Search code examples
pythondownloadpython-requestszip

Using requests module to download zip file from aspx site


I'm trying to download a zip file using the requests module. If I run this code, it creates a zip file on my machine, but it is just HTML of an error page. If I enter the URL into a browser, it correctly downloads the zipped file.

import requests
zipurl = "https://www.dallascad.org/ViewPDFs.aspx?type=3&id=\\DCAD.ORG\WEB\WEBDATA\WEBFORMS\data%20products\DCAD2021_CURRENT.zip"
zname =  "DCAD2021_CURRENT.zip"
resp = requests.get(zipurl)
zfile = open(zname, 'wb')
zfile.write(resp.content)
zfile.close()  

Solution

  • TLDR: The zipurl you provided which works in the browser works because the browser is encoding and escaping some characters. The correct url is instead as follows:

    import requests
    
    params = {
        'type': '3',
        'id': '//DCAD.ORG/WEB/WEBDATA/WEBFORMS/data products/DCAD2021_CURRENT.zip',
    }
    
    response = requests.get('https://www.dallascad.org/ViewPDFs.aspx', params=params) 
    

    Determined this to be the case by:

    Navigating to the zipurl in browser with the inspect network tab open, I copied the request as a curl. Then I copied this curl into https://curl.trillworks.com/, and saw if the python request would work. It did. Then I removed the headers and verified it still worked. So then I compared the two different url's and saw some differences in encoding/slashing.
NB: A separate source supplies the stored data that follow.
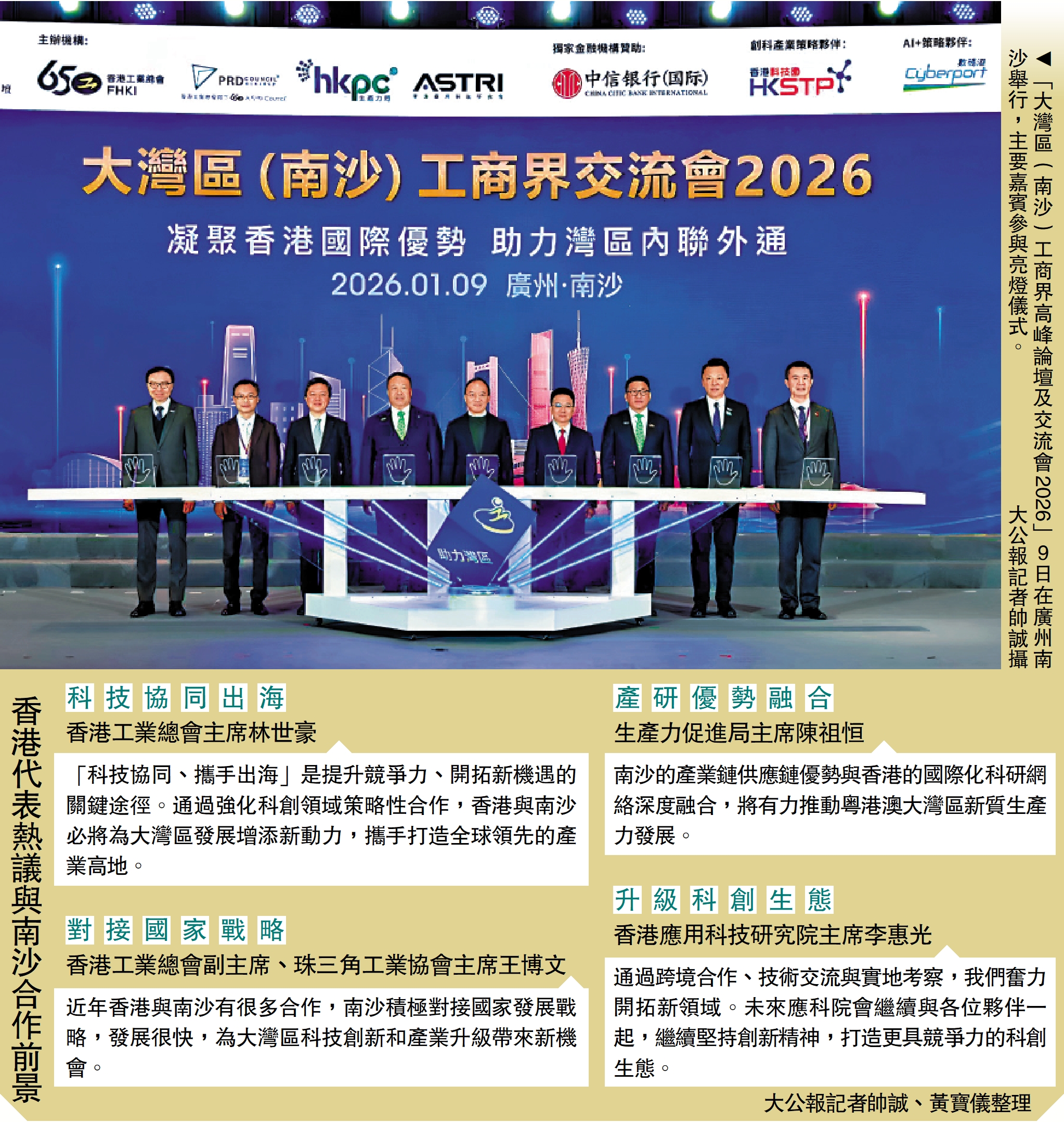 有「千人宴」之稱的「大灣區(南沙)工商界高峰論壇及交流會2026」9日在廣州南沙舉行,活動以「凝聚香港國際優勢 助力灣區內聯外通」為主題,旨在推動粵港澳大灣區新型工業化提質升級,助力企業抱團「併船出海」,加快打造全球領先的現代化產業集群。為進一步深化粵港合作,香港工業總會在交流會上與八個機構及企業簽署合共五份合作備忘錄,提出將促進商貿合作、協助企業落戶香港及併船出海。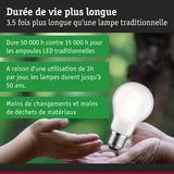 Les ampoules LED ultra efficaces de la gamme LED Eco-Line allient technologie innovante et durabilité pour un éclairage efficace et stylé. La consommation d'énergie réduite de 60% et la durée de vie nettement plus longue que les ampoules LED standard permettent de réduire considérablement les coûts énergétiques tout en préservant l'environnement. L'ampoule LED à filament dépolie s'adapte à toutes les douilles E27 courantes et produit, avec 3000K, une puissance de 5,7W, une lumière blanc chaud agréable sans teinte verte. Même les grands abat-jour sont éclairés de manière uniforme, ce qui apporte à chaque pièce une ambiance de bien-être harmonieuse. Selon les besoins, l'intensité lumineuse de l'ampoule peut être graduée sur 3 niveaux à l'aide d'un interrupteur conventionnel. Le variateur dispose d'une fonction mémoire. Les ampoules LED Paulmann portant le label Eye friendly produisent une lumière confortable qui préserve les yeux. Que ce soit pour travailler, lire ou se détendre, les ampoules contribuent à un meilleur confort visuel.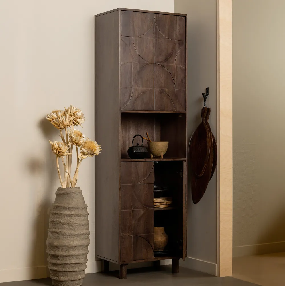 Opbergkast Draw van WOOOD is een karaktervol meubel met een warme, walnootkleurige finish op mangohout. De kast combineert strakke lijnen met zachte details en past perfect binnen de Japandi stijl. De deuren boven en onder worden onderbroken door een open vak in het midden, wat zorgt voor een luchtig ritme in het ontwerp.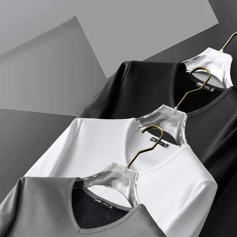 メンズぬいぐるみサーマル長袖 Tシャツボトリングシャツラウンドネックシャツファッションプラスベルベットパッド入り Tシャツ - TopDealBox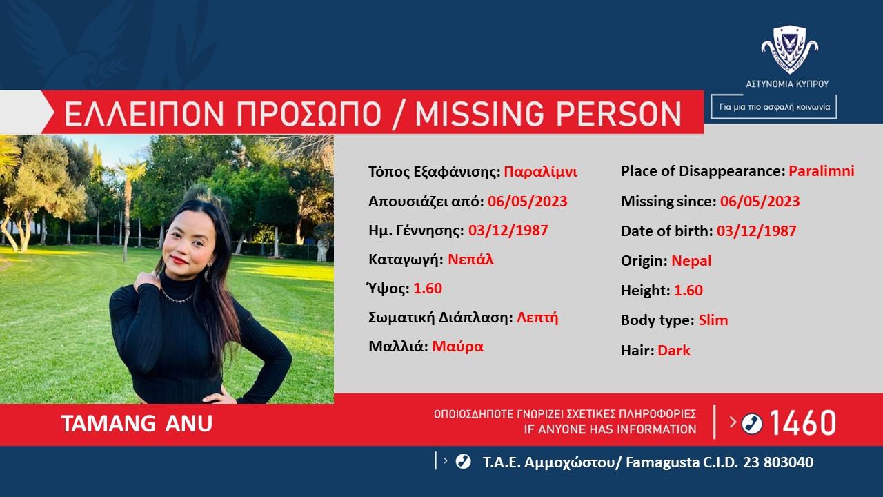 Η Αστυνομία ζητά πληροφορίες που μπορούν να βοηθήσουν στον εντοπισμό της TAMANG ANU, 35 ετών, από το Νεπάλ, η οποία απουσιάζει από το χώρο διαμονής της, στο Παραλίμνι, από τις 06/05/2023.

    requests.utils.unquote(response.url)
    'https://www.dallascad.org/ViewPDFs.aspx?type=3&id=//DCAD.ORG/WEB/WEBDATA/WEBFORMS/data+products/DCAD2021_CURRENT.zip'
    

    vs.

    requests.utils.unquote(zipurl)
    'https://www.dallascad.org/ViewPDFs.aspx?type=3&id=\\DCAD.ORG\\WEB\\WEBDATA\\WEBFORMS\\data+products\\DCAD2021_CURRENT.zip'